La plume est belle bien qu'elle soit sobre, évocatrice, précise. Le talent de conteur d'Ivo Andric est évident.

L'auteur " bosniaque par sa naissance, croate par son origine et serbe par ses engagements d'alors " ( ce roman est paru en 1945 ) nous raconte l'histoire - les histoires - d'une ville frontalière, Visegrad, entre Bosnie et Serbie, où un pont majestueux relie les deux rives du fleuve appelé la Drina.

Ce qu'il nous raconte, c'est l'histoire complexe de cette région, de cette frontière aussi géographique que religieuse et culturelle. C'est une frontière entre Occident et Orient. C'est donc le récit, à la façon de chroniques,  parfois absurdes, souvent cruelles, des communautés chrétiennes et musulmanes, de l'Empire turc puis austro-hongrois. 

Ce pont est un lieu de rencontres, de révoltes, d'exécutions, de nouveautés. Il voit toutes les générations, tous les bouleversements sans en être affecté, comme éternel. Ivo Andric nous parle de permanence et d'impermanence, de temps à l'aune des vies humaines. Ce sont donc des histoires et légendes - comment naissent les légendes - de la ville et de ses environs, des histoires incarnées. A la façon des contes, des vieillées, des soirées sur la kapia, cet espace du pont où l'on s'assoie et se retrouve - sans qu'il y ait d'oralité dans le style mais plutôt dans le propos - Ivo Andric relate des événements inscrits dans leur époque, s'attardant sur les personnes concernées, nous présentant le caractère, l'allure, sa famille, son passé, nous laissant profiter du paysage par ses descriptions. 

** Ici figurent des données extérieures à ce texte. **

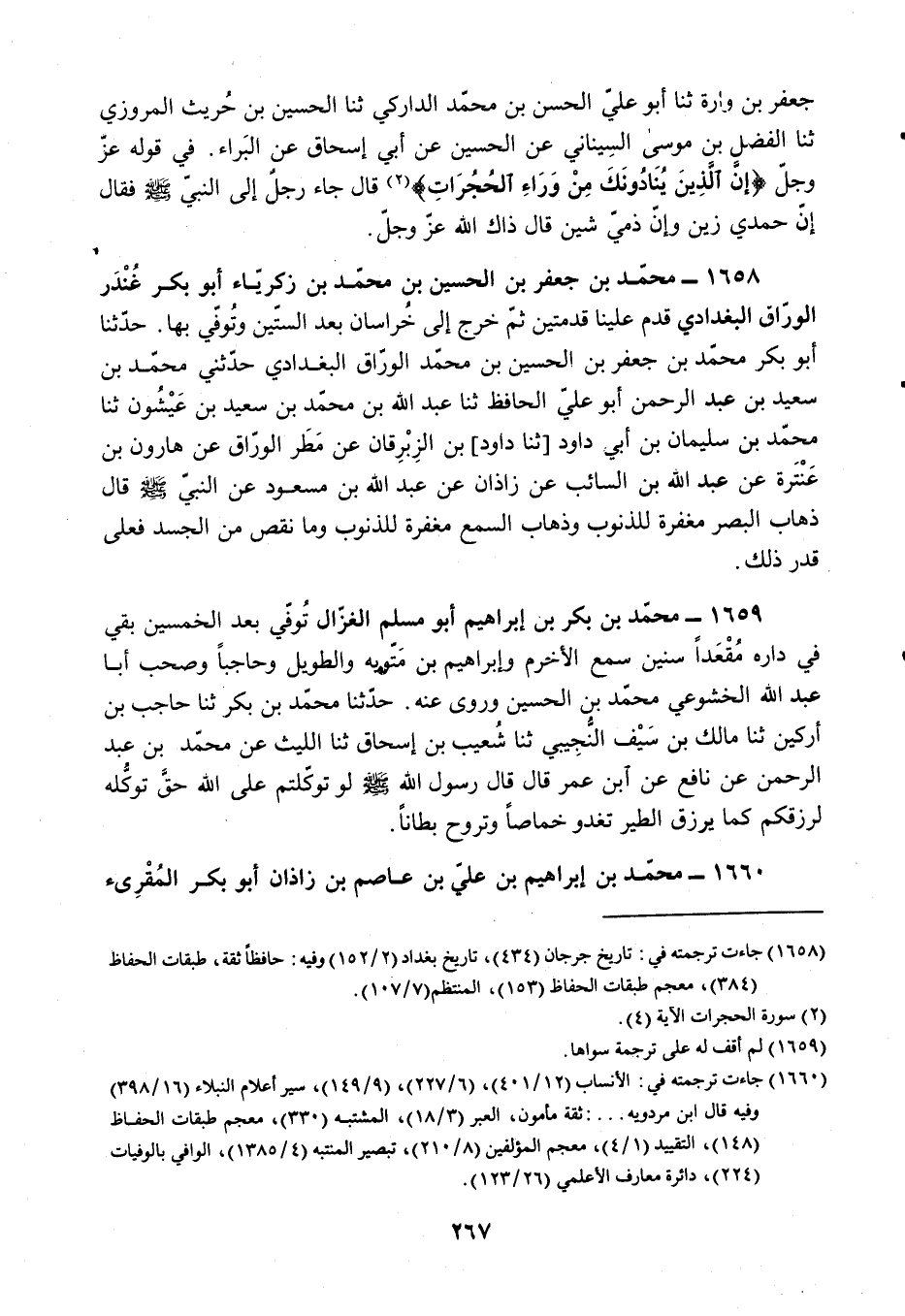§1658 - مُحَمَّدُ بْنُ جَعْفَرِ بْنِ الْحُسَيْنِ بْنِ مُحَمَّدِ بْنِ زَكَرِيَّاءَ أَبُو بَكْرٍ غُنْدَرٌ الْوَرَّاقُ الْبَغْدَادِيُّ قَدِمَ عَلَيْنَا قَدْمَتَيْنِ ثُمَّ خَرَجَ إِلَى خُرَاسَانَ بَعْدَ السِّتِّينَ وَتُوُفِّيَ بِهَا

Chacun de ces chapitres, chacune de ces histoires, depuis la construction du pont au XVIème siècle, écrites à la façon de nouvelles reliées chronologiquement, donnent une véritable ampleur au récit. Toutefois, ce rythme ne m'a pas entraînée, au contraire, il m'a même parfois semblé répétitif. Je pense que des époques plus récentes - j'imagine que le récit nous mène jusqu'au début du XXème siècle - m'accrochera plus à cette lecture, j'y reviendrai.

Cette médiocre édition Livre de poche aux minuscules caractères, à la piètre impression, n'a pas encouragée ma lecture.

En lisant, je pensais à Sarajevo omnibus de Velibor Colic dont la lecture m'avait enthousiasmée, à Lisières de Kapka Kassabova qui m'avait passionnée, beaucoup appris sur les zones frontalières aux confins de l'Europe.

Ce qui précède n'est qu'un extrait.